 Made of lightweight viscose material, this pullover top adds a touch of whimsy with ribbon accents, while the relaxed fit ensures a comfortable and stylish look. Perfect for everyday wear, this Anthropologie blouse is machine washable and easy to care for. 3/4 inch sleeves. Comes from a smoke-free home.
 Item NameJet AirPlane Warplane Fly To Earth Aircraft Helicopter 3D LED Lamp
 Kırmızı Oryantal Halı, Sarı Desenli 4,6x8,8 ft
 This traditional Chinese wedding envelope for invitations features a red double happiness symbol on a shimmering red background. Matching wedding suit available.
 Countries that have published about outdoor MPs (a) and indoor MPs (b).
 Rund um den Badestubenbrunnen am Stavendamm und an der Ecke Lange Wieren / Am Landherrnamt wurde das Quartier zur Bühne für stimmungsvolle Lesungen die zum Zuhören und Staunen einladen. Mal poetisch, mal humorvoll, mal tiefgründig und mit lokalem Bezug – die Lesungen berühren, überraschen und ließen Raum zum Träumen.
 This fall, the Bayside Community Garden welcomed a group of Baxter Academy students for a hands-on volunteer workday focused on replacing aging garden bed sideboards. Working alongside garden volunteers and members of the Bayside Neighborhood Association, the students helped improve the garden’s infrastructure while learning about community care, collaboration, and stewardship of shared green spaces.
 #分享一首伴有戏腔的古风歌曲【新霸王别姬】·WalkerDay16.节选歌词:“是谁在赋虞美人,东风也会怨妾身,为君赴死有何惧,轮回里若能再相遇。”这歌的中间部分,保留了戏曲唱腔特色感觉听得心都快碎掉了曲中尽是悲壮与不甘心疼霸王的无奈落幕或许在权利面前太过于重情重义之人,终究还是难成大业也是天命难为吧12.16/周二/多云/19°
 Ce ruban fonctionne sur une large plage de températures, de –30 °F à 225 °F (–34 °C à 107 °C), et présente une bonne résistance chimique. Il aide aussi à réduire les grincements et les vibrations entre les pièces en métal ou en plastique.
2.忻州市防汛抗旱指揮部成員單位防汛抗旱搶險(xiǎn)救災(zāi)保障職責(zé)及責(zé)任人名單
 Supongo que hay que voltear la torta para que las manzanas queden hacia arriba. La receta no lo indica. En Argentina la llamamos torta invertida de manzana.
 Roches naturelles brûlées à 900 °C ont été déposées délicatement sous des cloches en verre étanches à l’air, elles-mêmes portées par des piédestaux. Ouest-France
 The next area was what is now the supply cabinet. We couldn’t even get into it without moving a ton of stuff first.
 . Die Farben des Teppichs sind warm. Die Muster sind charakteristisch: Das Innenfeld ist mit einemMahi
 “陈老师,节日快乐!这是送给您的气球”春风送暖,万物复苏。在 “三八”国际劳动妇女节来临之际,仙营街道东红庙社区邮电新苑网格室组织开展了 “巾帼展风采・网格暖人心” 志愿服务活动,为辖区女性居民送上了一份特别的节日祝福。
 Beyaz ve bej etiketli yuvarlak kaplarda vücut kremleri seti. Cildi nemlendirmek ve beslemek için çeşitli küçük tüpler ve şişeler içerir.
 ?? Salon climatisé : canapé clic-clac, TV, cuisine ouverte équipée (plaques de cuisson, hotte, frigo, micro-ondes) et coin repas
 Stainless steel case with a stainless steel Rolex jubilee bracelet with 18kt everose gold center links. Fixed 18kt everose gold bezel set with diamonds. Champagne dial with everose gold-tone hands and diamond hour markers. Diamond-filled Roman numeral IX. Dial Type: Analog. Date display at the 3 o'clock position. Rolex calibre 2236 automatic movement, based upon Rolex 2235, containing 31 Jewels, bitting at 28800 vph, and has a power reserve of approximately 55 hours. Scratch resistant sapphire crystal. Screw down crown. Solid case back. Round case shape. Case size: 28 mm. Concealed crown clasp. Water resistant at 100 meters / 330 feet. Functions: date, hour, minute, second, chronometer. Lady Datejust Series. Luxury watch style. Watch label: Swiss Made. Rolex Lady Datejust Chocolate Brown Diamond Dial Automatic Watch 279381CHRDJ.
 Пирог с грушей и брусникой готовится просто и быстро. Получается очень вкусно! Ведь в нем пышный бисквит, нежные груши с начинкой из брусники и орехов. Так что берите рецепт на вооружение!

+ + + + +

> [What the exercise asks] From the first line of the listing above to the line with "Rund um den", please transcribe each line exactly, both ends included, and nothing beyond that.

> [Your solution]
 Made of lightweight viscose material, this pullover top adds a touch of whimsy with ribbon accents, while the relaxed fit ensures a comfortable and stylish look. Perfect for everyday wear, this Anthropologie blouse is machine washable and easy to care for. 3/4 inch sleeves. Comes from a smoke-free home.
 Item NameJet AirPlane Warplane Fly To Earth Aircraft Helicopter 3D LED Lamp
 Kırmızı Oryantal Halı, Sarı Desenli 4,6x8,8 ft
 This traditional Chinese wedding envelope for invitations features a red double happiness symbol on a shimmering red background. Matching wedding suit available.
 Countries that have published about outdoor MPs (a) and indoor MPs (b).
 Rund um den Badestubenbrunnen am Stavendamm und an der Ecke Lange Wieren / Am Landherrnamt wurde das Quartier zur Bühne für stimmungsvolle Lesungen die zum Zuhören und Staunen einladen. Mal poetisch, mal humorvoll, mal tiefgründig und mit lokalem Bezug – die Lesungen berühren, überraschen und ließen Raum zum Träumen.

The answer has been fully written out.